Re-Locating Spaces(s) at The Grey Space in the Middle, The Hague

Detail of YOU ARE SOURCE PROJECTION AND REFLECTION by Sophia Bulgakova. Photo: Dora Ramljak

The 15th edition of the three-day art, media and music festival, Todays Art last week in The Hague included, as is often the case, a number of satellite events. The exhibition “Children of the Space (A Forest)” at The Grey Space in the Middle curated by Anastasia Loginova was one of these satellite events. It came about because Olof van Winden, director of Todays Art, saw an exhibition she had curated earlier in the year and gave her the option of curating an event. She chose for this location as a satellite event. This was just a few months ago. So not only is this impressive exhibition put together in a very short time frame but also with very little funding (STROOM gave some funding). Why all these details? Well the exhibition was well publicized, had a diverse public programme (lectures and performances) and contained works that required a lot of infrastructure such as the immersive room size installation by Sophia Bulgakova comprised of many projectors. It is thanks to STROOM that The Hague has such a vibrant edgy arts culture. Today’s Art had a number of other satellite events throughout the city but one of the alternative events, re-located outside the Todays Art framework that grabbed my attention was “Hyena Noise Fest” – an evening of Musique Concrete, Avant Garde, Experimental, Noise, Elektro at an affordable price by an impressive line up of artists from diverse backgrounds, hosted in the re-located villa K (previously the embassy of the Congo), now renamed simply “Stichting Centrum” (Foundation Centre). This particular event was not just a re-locating of space but blurring of genre and gender.

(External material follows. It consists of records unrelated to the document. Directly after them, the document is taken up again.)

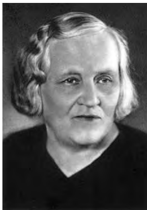
Božena Slančíková – Timrava * 2. október 1867, Polichno † 27. november 1951, Lučenec

Túžila po láske, ale nikdy nenašla toho pravého. Svoj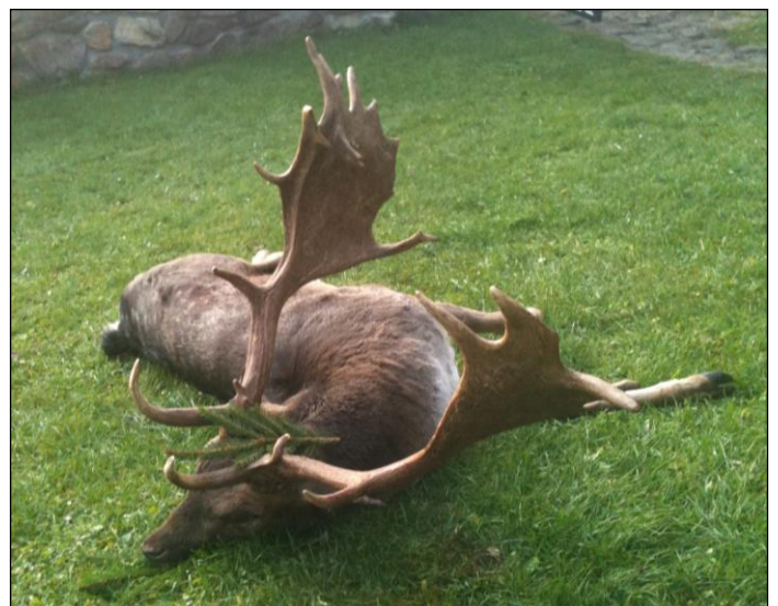
„Die Damhirsche erreichen hier eine beachtliche Trophäenstärke!“

Preis- und Programmänderung vorbehalten!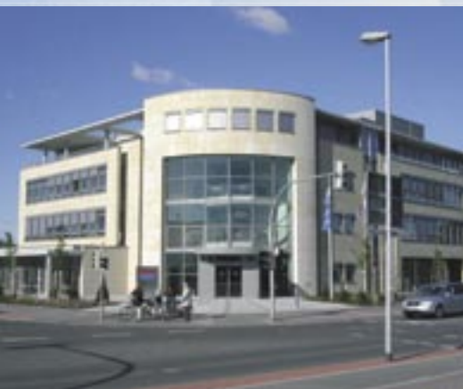
Referencia PRINETO : Oficinas de GSG Oldenburg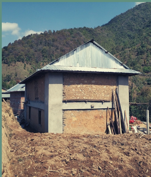
Casa reforzada por Awasuka. Retrofitted house by Awasuka.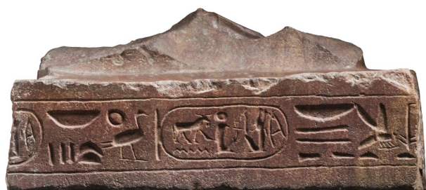
Fig. 11 : Base de statue porte-enseigne au nom de Mérenptah. Turin, Cat. 1382. Quartzite. H. 24 ; l. 55 ; P. 70 cm. Karnak. Collection Drovetti (1824).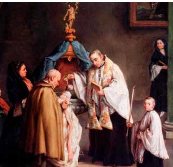
Pietro Longhi, Krštenje , 1755.

U krštenju vjera Crkve prethodi vjeri vjernikā koji su pozvani prionuti uz nju. Svaki puta kada Crkva slavi sakramente, ispovijeda vjeru primljenu od apostola.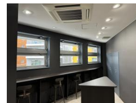
▲ リフレッシュスペース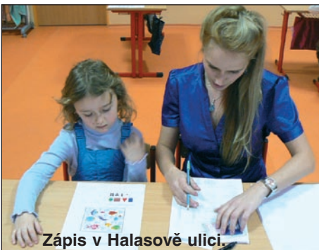
Zápis v Halasově ulici.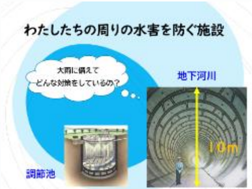
八尾土木事務所より (川のごみ問題、大雨と川の危険性)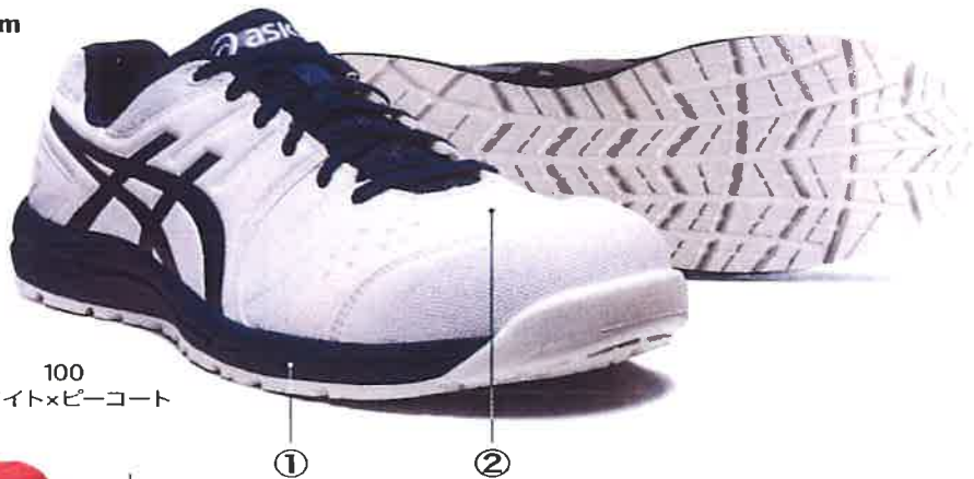
100 ホワイト×ピーコート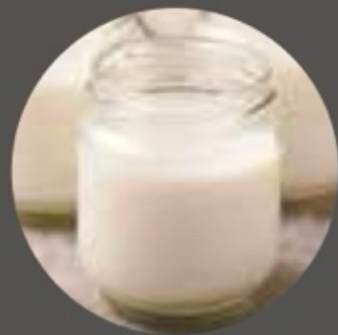
Fromage blanc nature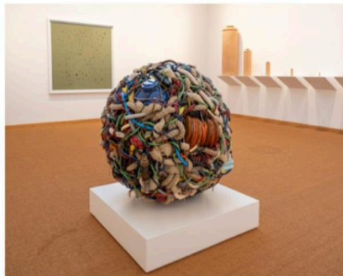
'Gordianse knoop', een kluwen van kabels, touwen en buizen.

De route, met het FeliXart & Eco Museum en het Huis van Herman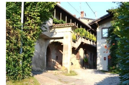
Il borgo di Cabacaccio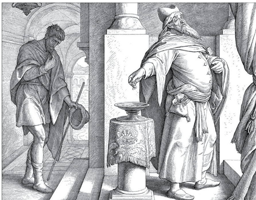
Faryzeusz i celnik, Schnorr von Carolsfeld, Biblia w obrazach, 1860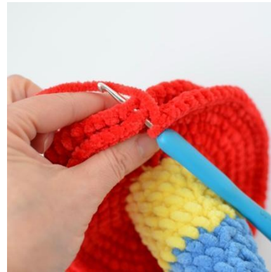
20. Hekle sammen delene med kjm.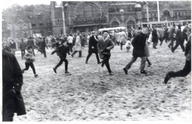
Ucieczka przed ZOMO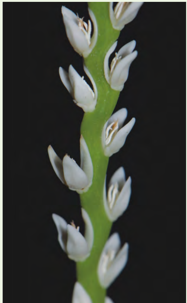
穗狀花序雄花特寫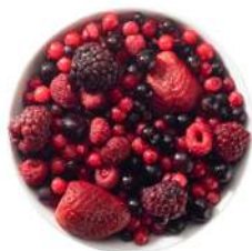
SURGELE FRUITS DES BOIS SUR 450 GRS Code: 404004

Detail of the multi-room installation, Axis Mundi, curtains in custom-made rails, stones, carpet and green skylights, by Zoe d’Hont; Acousmatic Space Studies #1 by Stefano Murgia, electronics, 3 suspended custom made aluminium speakers and live audio.

            And now back to the exhibition, “Children of the Space (A Forest)” which was more than a show of the tangible made audible and in motion. The whole space created a sense of space/s and the spaces in between, both in a physical sense such as the locations of various audible gadgets in between the subtle half circular curtain pillars in gentle shades of green by Zoe d’Hont as well in a socio-psychological sense. You were invited to sit inside some of the spaces, as form of ‘time-out’ from the focus of the other works in the rooms. These half open transluscent pillars worked as vertical cocoons for a visitor who chose to stand or to sit inside one, as well as creating visual soft lines against the anglarity of the other works in the spaces. These and the green skylights as well as arrangements of clusters of pink cones and small stones spread through the spaces much like the mylicium structure one finds in a forest. However for me the metaphor of a forest stopped with this work because all other works are highly sophisticated products of an urban world. Perhaps a way to read this is that other works were interventions into a curated framework of the forest? Stefano Murgia’s performance, Acousmatic Space Studies #1 inside one of these ‘forests’ of pillars, stones and green lighting, worked best in my view, when you walked slowly in the space the changing spatial audio experience seemed to come from diverse locations: at times from the centre and other times from any of the three speakers, respectively a square, a triangle and a sphere. Each aluminium coated speaker was suspended inside a frame giving a modernistic, even futurist, sculptural contrast to the textural soundscape.

Left Right: “Adaptation #1 by Mike Rijnierse, an adapted antenna dish, inflated form, motors and sound, Detail of “Axis Mundi” vertical curtain and chair, by Zoe d’Hont; suspended horizontal metal sheet, in a metal support, activated by motors by Jesus Canuto Iglesiasu.

            “Adaptation #1” by Mike Rijnierse scatters light when sunlight strikes the blades at certain times of the day, but what you notice most is the continually tumbling white centre of the ‘flower’ held seemingly precariously by jets of air from below. Beyond this is a seat for sitting vibrated by motors underneath for feeling as well as hearing the composition,  “A proper forest needs some contemplative spots and leaf murmurs” by Jesus Canuto Iglesias. His other work, a table-like suspended horizontal metal sheet that shook, trembled and immited sound as part of the seat composition, located a few metres away, brought visitors to the window and street view spaces of the gallery while Sophia Bulgakova’s installation took you downstairs into another world. Her work, YOU ARE SOURCE PROJECTION AND REFLECTION, a co-production with Udruga Metamedij and V2, was developed over the last summer in Rotterdam and this is a second variation using different texts. All texts were projected in reverse and you were provided with a small screen which when held out in front of you, presented these texts in a readable form.  Sonja van Kerkhoff  25th September 2019

 

 

This exhibition at The Grey Space in the Middle continues until 27th September.